# Work required:
Once the pictures are removed, restate the listing word for word.
[Data block]
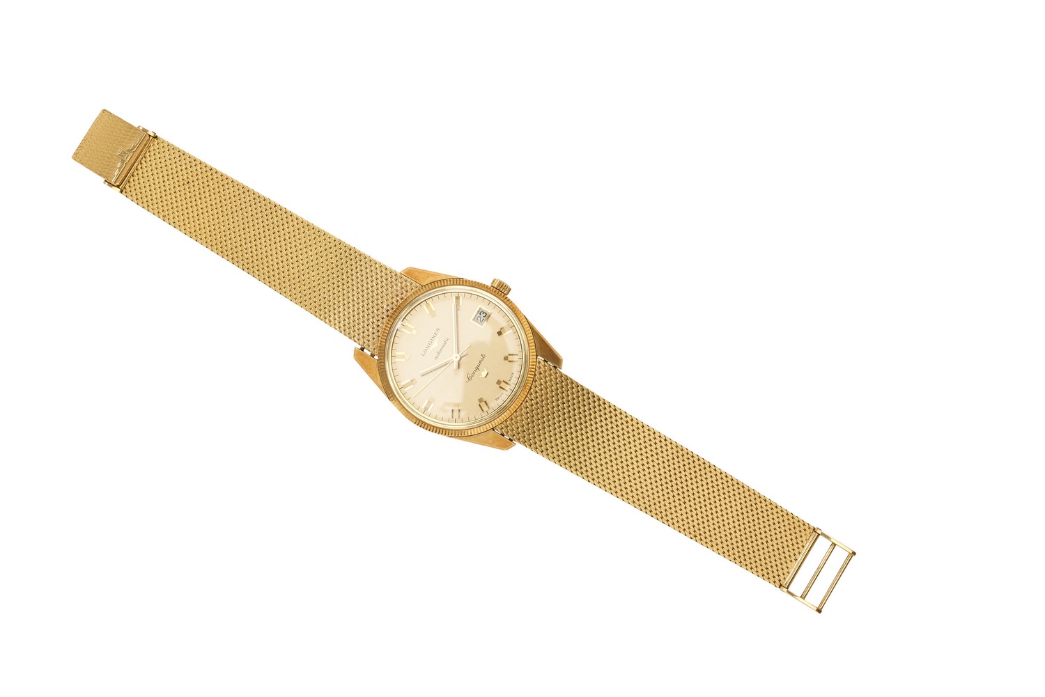 Automatic movement, circular gilded dial with gold batons, date aperture at three, signed case, dial, movement and bands, 18ct gold case with conforming woven bracelet bands, total length 185mm, diameter 35mm, boxed.
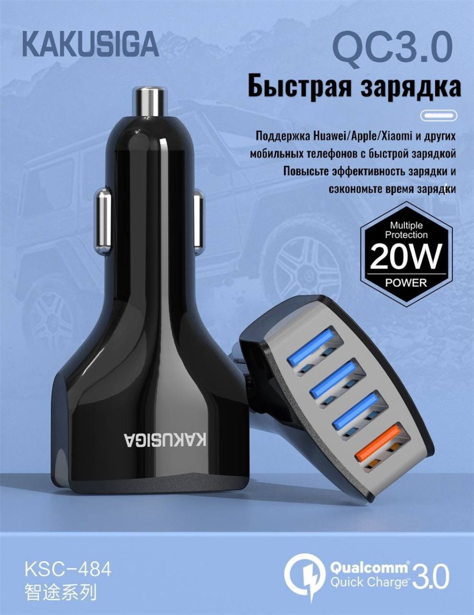 Автомобильное зарядное устройство KAKU KSC-484. Максимальная выходная мощность составляет 4,8А. Данное АЗУ обладает защитой от перенапряжения и перегрузки электричества. Это защитит устройство, которое находится на зарядке, от поломки. Сам корпус сделан из огнестойкого прочного пластика. Имеет 4 выхода USB. Блок без кабеля.
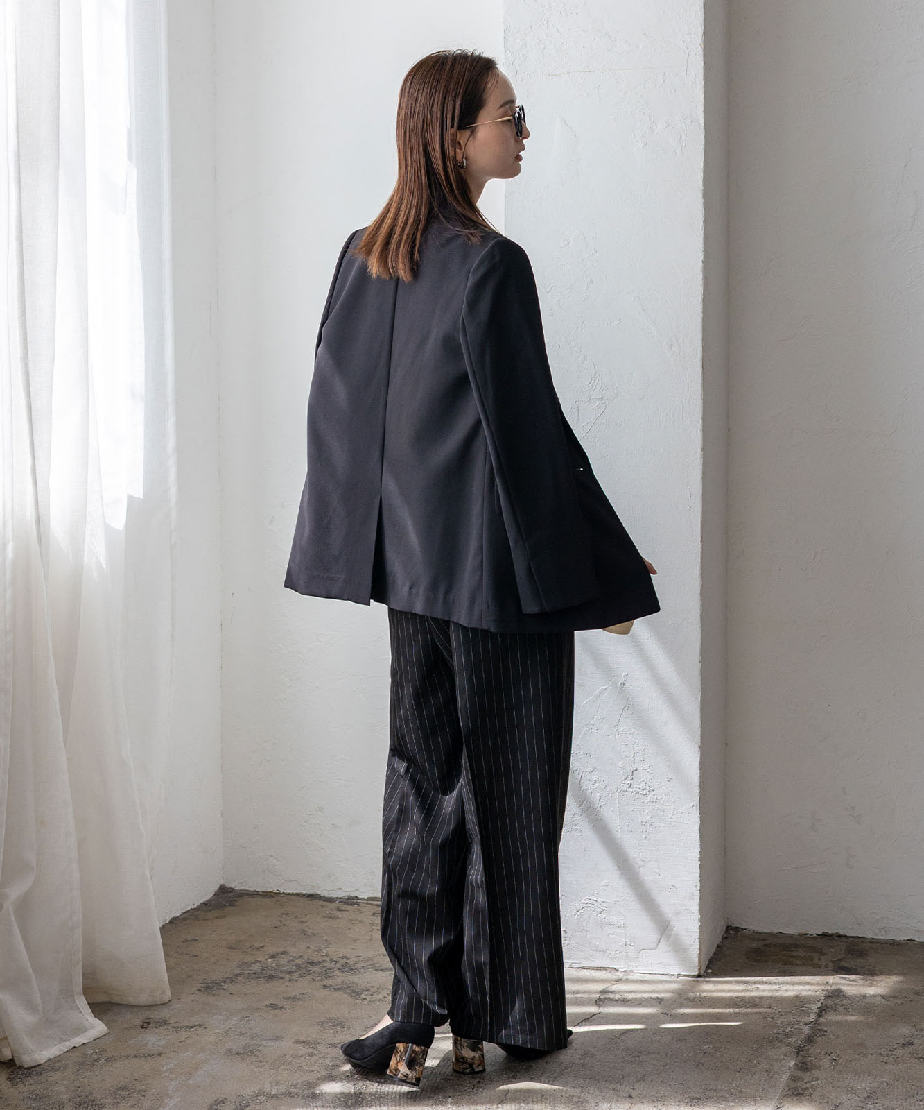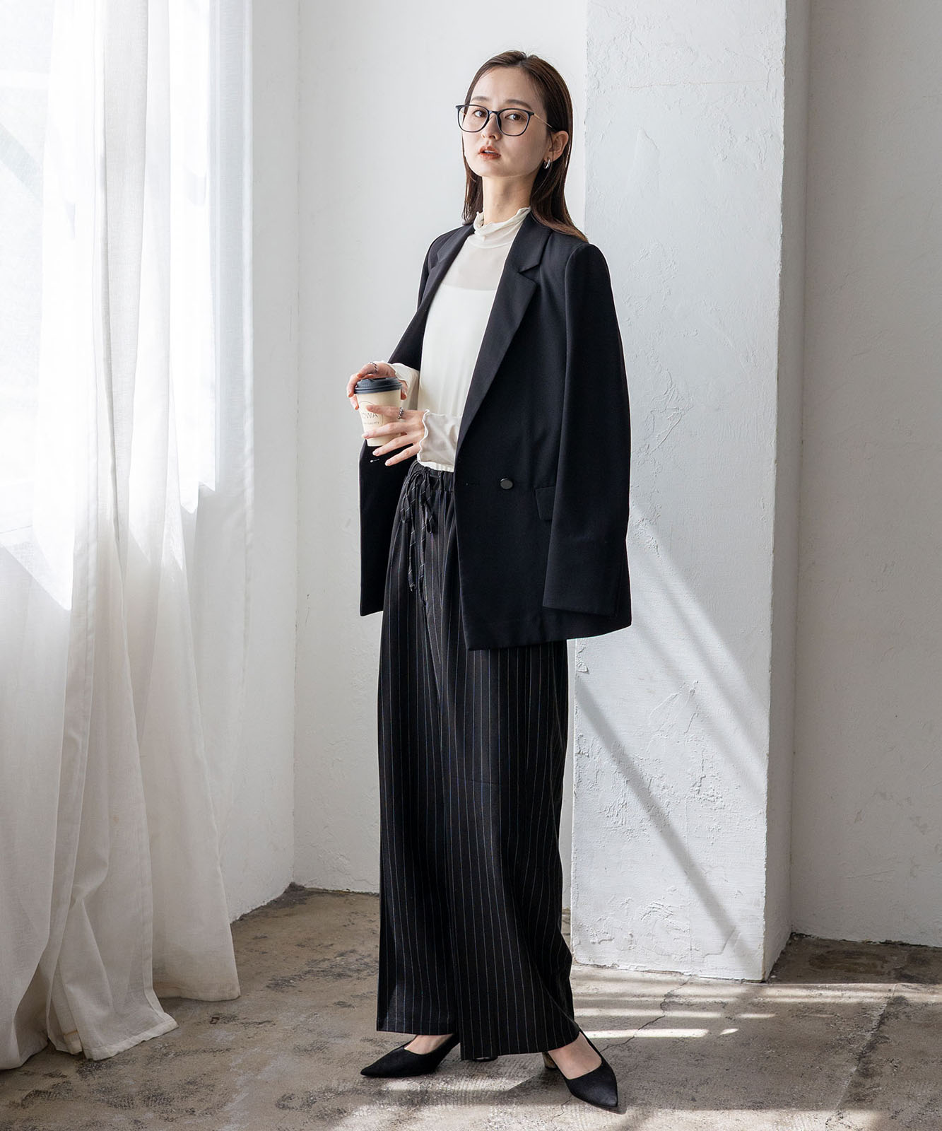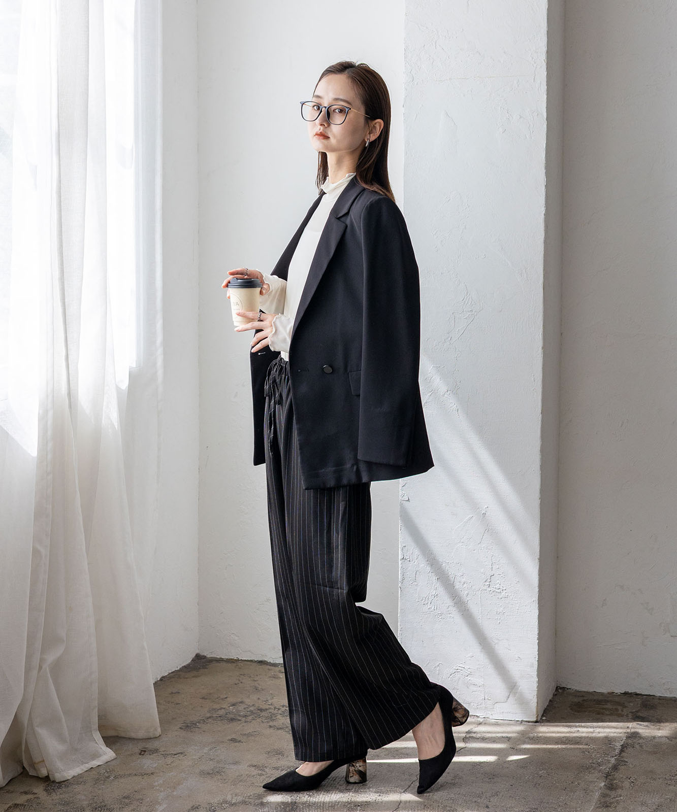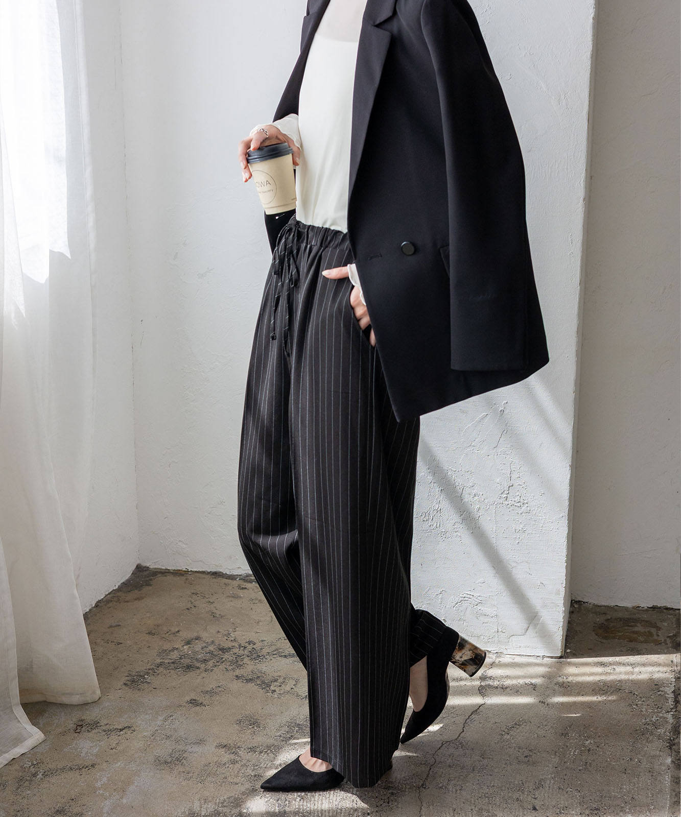 ピンストライプの縦ラインが、全体をスマートに引き締め。
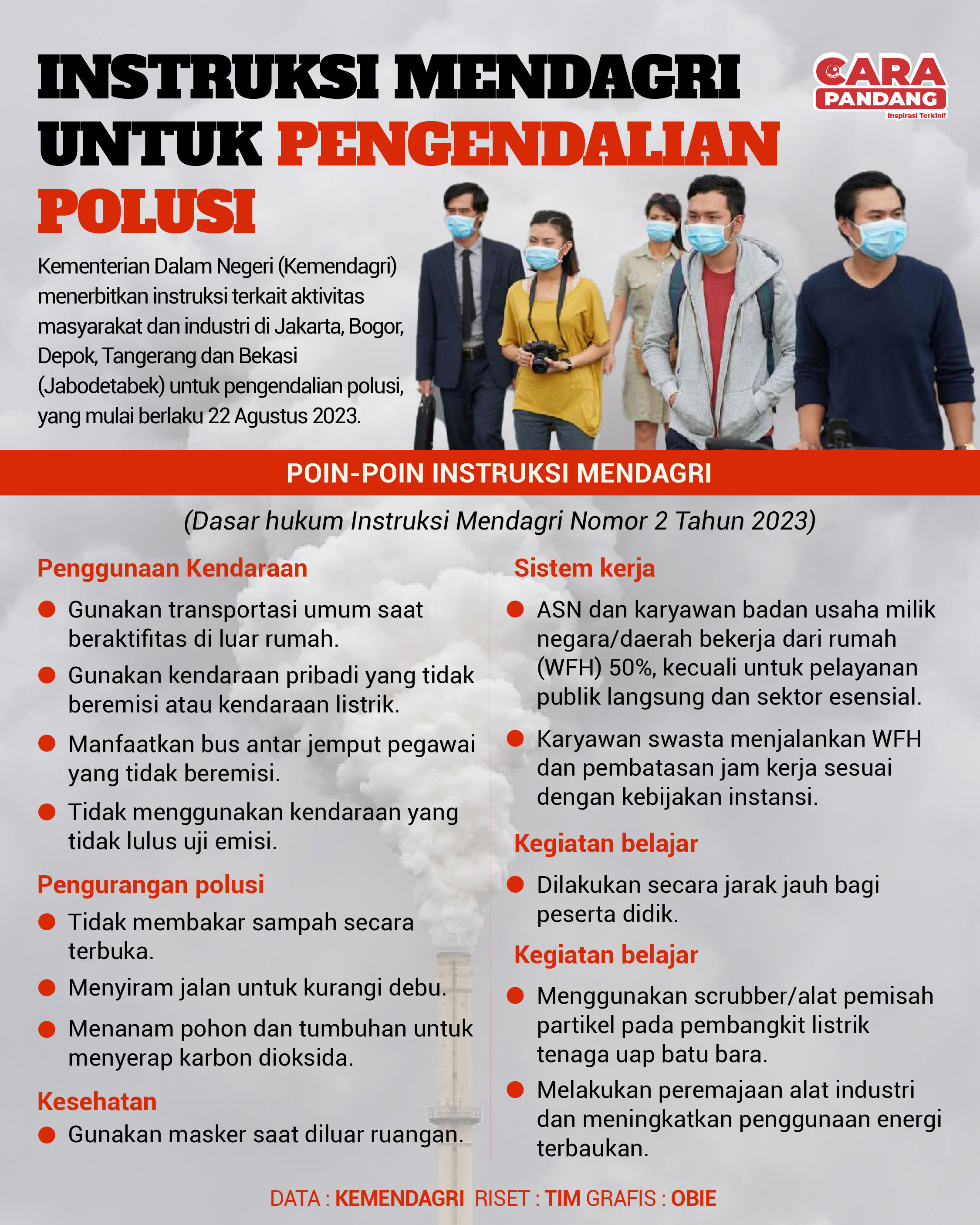 Kemendagri menerbitkan instruksi terkait aktivitas masyarakat dan industri di Jabodetabek untuk pengendalian polusi, yang mulai berlaku 22 Agustus 2023.
[/Data block]
# Task result:
 Automatic movement, circular gilded dial with gold batons, date aperture at three, signed case, dial, movement and bands, 18ct gold case with conforming woven bracelet bands, total length 185mm, diameter 35mm, boxed.
 Автомобильное зарядное устройство KAKU KSC-484. Максимальная выходная мощность составляет 4,8А. Данное АЗУ обладает защитой от перенапряжения и перегрузки электричества. Это защитит устройство, которое находится на зарядке, от поломки. Сам корпус сделан из огнестойкого прочного пластика. Имеет 4 выхода USB. Блок без кабеля.
 ピンストライプの縦ラインが、全体をスマートに引き締め。
 Kemendagri menerbitkan instruksi terkait aktivitas masyarakat dan industri di Jabodetabek untuk pengendalian polusi, yang mulai berlaku 22 Agustus 2023.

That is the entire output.